By CRISTINE MEIXNER
PISECO -- Adirondack Lakes Alliance had a successful first year, and is looking forward to building on that success in 2016.
The group of lake associations from across the Adirondack Park was created late last year to share information and resources and advocate for lake protections. Its first and most important target is stopping aquatic invasive species.
Thanks to the regional approach the ALA won funding for a pilot program of boat wash stations and launch stewards that was implemented this past summer. The 2015 Region-wide AIS Prevention Pilot Program funded stewards at 14 high priority sites and 11 new boat decontamination stations.
The problem with aquatic invasive species is the damage they do, not just to the existing aquatic ecosystem but also to the economy of areas they infect.
ALA Region D, Fulton and Hamilton counties, met Dec. 9 at the Piseco school, hosted by Piseco Lake Association. In addition to the successful pilot program there was further good news.
In November the State of New York announced a $2 million grant program for projects that will build on the pilot program and expand the fight against aquatic invasive species. The chairman of the Hamilton County Board of Supervisors, Bill Farber, is a member of the grant program's advisory group.
ALA Executive Director Ed Griesmer, Loon Lake Park District Association, told the group, "You folks are really out front in terms of addressing the problem and the support you are getting."
He said there are over 3,000 lakes, rivers, and streams in the six-million-acre park, most not infected. But the park is surrounded by infected waters.
That's why most of the boat washes were located on the periphery of the park, and only a few in the interior.
Eric Holmlund of Paul Smith's College's Adirondack Watershed Institute said, "It was not coincidental that the ALA formed and then we suddenly had this incredible [pilot project]."
He said about 11 decontamination stations were run this past summer by Paul Smith's College plus 10 in Lake George and one in Loon Lake, and the college managed over 45 steward locations for a total of 56.
"Money in was about $1.5 million," Holmlund said. "We spent about $1.1 million and are hoping to roll over the balance into 2016."
Holmlund said about 11 percent of the boats inspected this past summer had organisms on them, and 2.8 percent carried aquatic invasive species. "In a sense that's good news, most of the watercraft you don't have to worry about, but that 3 percent is the threat," he said.
Most of the contaminated boats came from Saratoga Lake.
90% LIKE IT
Jamie Parslow of Piseco supervises the Adirondack Watershed Institute's Stewardship Program. "Overall response to the program was very positive, people were glad we are finally doing something," she reported.
The other 10 percent, she said, didn't understand the program can work. "People thinking it is an impossible task and the focus should be on management," she said, "or [the boat washes should be open] 24/7. Once educated some came around."
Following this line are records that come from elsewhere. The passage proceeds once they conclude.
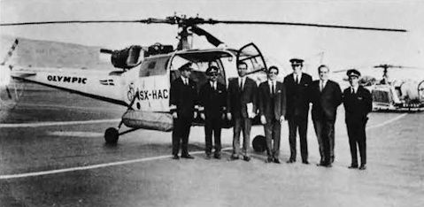 Регистрационный номер: SX-HAC Olympic Airways SE.3160 Alouette III SX-HAC with, in the centre of the group, Alexander Onassis the son of the airline's founder Aristotle Onassis.
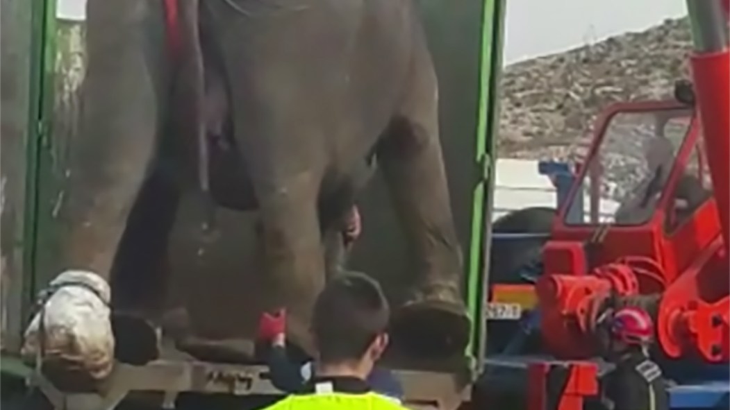 Sur une vidéo fournie par DGT, on voit un éléphant soulevé par une grue, tandis que des pompiers attrapent une de ses énormes pattes pour le stabiliser.
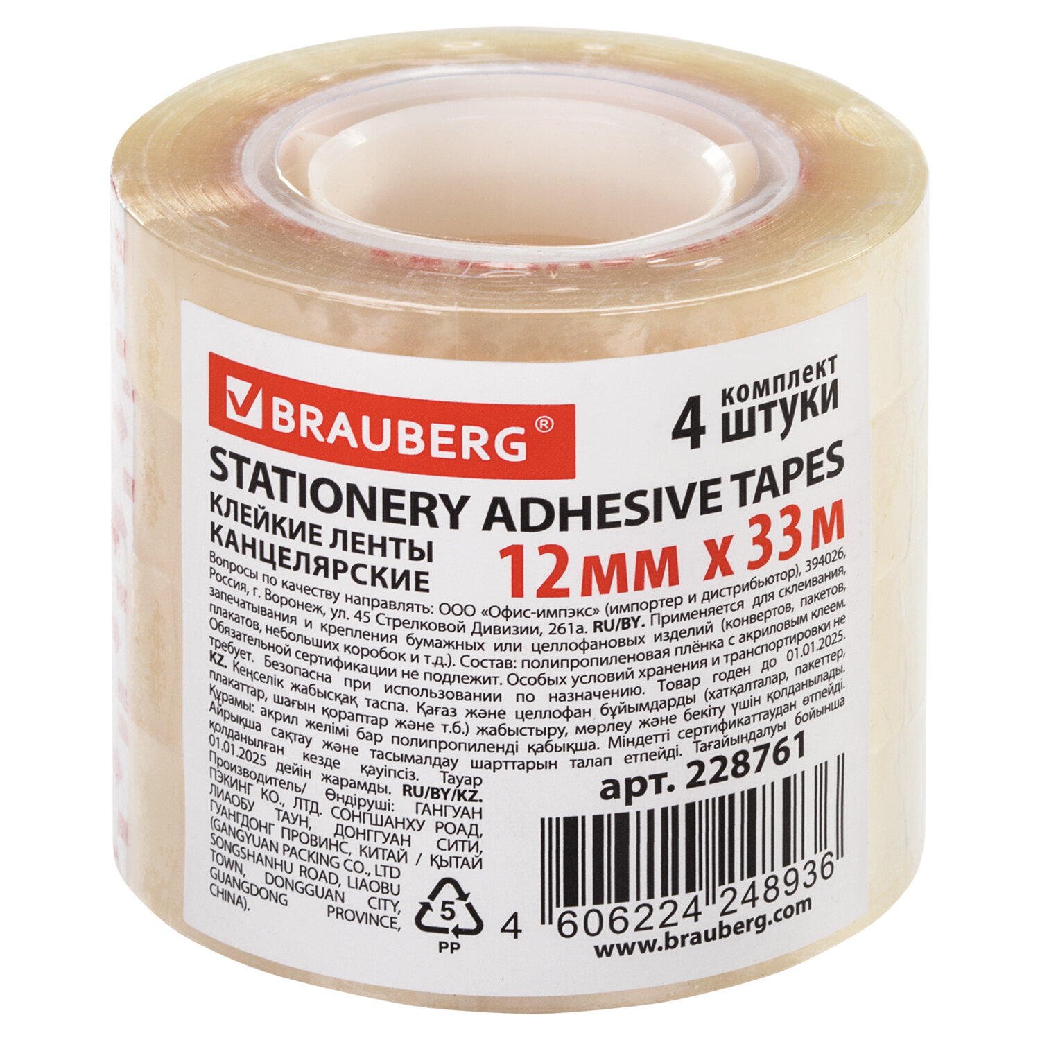 Клейкие ленты 12 мм х 33 м канцелярские BRAUBERG, КОМПЛЕКТ 4 шт., прозрачные, гарантированная длина Код товара: 228761 62,2 ₽ Купить Производитель:BRAUBERG Канцелярская клейкая лента BRAUBERG разработана специально для канцелярских нужд. Широко используется в бытовой, банковской и офисной сфере. Имеет гарантированную длину 33 м и ширину 12 мм и обладает высокой клеящей способностью. Отличается прозрачностью и прочностью 35 мкм. Упаковка – термоусадочная пленка. 4 ролика в комплекте.Производство: КитайШирина ленты: 12 ммДлина намотки: 33 мПрозрачная: даКоличество в упаковке: 4 шт.Плотность: 35 мкмОсобенности: полуматоваяТип клейкой ленты: канцелярскаяУпаковка: термоусадочная пленкаСрок годности: 60 месВес: 65 грРазмер упаковки: 5 × 5.4 × 5.4 смОбъём: 0.0002 м3Промежуточная упаковка: 75 штТранспортная упаковка: 75 штШтрих-код: 4606224248936 Файлы Сертификат-1.jpg Сертификат-2.jpg Сертификат-3.jpg Сертификат-4.jpg Сертификат-5.jpg Сертификат-6.jpg Сертификат-7.jpg Сертификат-8.jpg Сертификат-9.jpg Сертификат-10.jpg Сертификат-11.jpg Сертификат-12.jpg Сертификат-13.jpg Сертификат-14.jpg Сертификат-15.jpg Сертификат-16.jpg Сертификат-17.jpg Сертификат-18.jpg Сертификат-19.jpg Сертификат-20.jpg Сертификат-21.jpg Сертификат-22.jpg Сертификат-23.jpg Сертификат-24.jpg Сертификат-25.jpg Сертификат-26.jpg

The program works, she said, and gave an example. "One boat inspected at Indian Lake Marina was covered in zebra mussels and the people drove to the Speculator decontamination station."
Parslow would like the boat washes to be open 7 a.m. to 7 p.m. She would also like more launch stewards "so all launches are covered so all boats are held to the same standard of cleanliness; this would address the problem of people complaining they don't have to [be inspected] at a different launch."
The AWI pays boat wash staff $13 an hour. Both full- and part-time positions are available.
While the ALA's focus is on prevention, there is also a team of four people that springs into action when a new invasive species infestation is found.
The Adirondack Park Invasive Plant Program's Rapid Response Team was created to detect and rapidly eradicate new infestations and control existing infestations when time allows, Project Coordinator Erin Vennie-Vollrath explained.
The team surveyed 38 lakes for early detection this summer, she said. "Seventeen had AIS, 13 with Eurasian water milfoil, and one new infested lake was found (Square Pond). There was no new spiny waterflea or Asian clam found."
APIPP has funding for the team for five years, she said.
Several representatives of local governments were present, including Fred Monroe, the outgoing supervisor of the Town of Chester, Warren County, who has been involved in fighting AIS for a long time.
He says local governments should be concerned about the impact of AIS on shoreline properties, and do whatever it can to help the lake associations in the battle.
"Reduced market values of 15-16 percent would have a significant affect on the tax bases," he said. "It also affects sales tax and occupancy tax revenues. It affects New York state for the same reasons."
Jon Voorhees of Indian Lake is "dismayed at how easily everyone has rolled over for the boaters. They are undeniably the source of the problem. In effect they are being subsidized by everyone else."
Farber replied, "NYS recognizes this is a tourist destination and it is transient boaters [bringing in aquatic invasive species] and it should not fall on the residents of the park alone to fight AIS. I don't think it is any mystery why we won the pilot program."
He wants to enlist boaters' cooperation, rather than charge for boat washes, and educate them to respect the purity of the waters of the Adirondacks."To be effective against AIS we have to involve everyone," he said.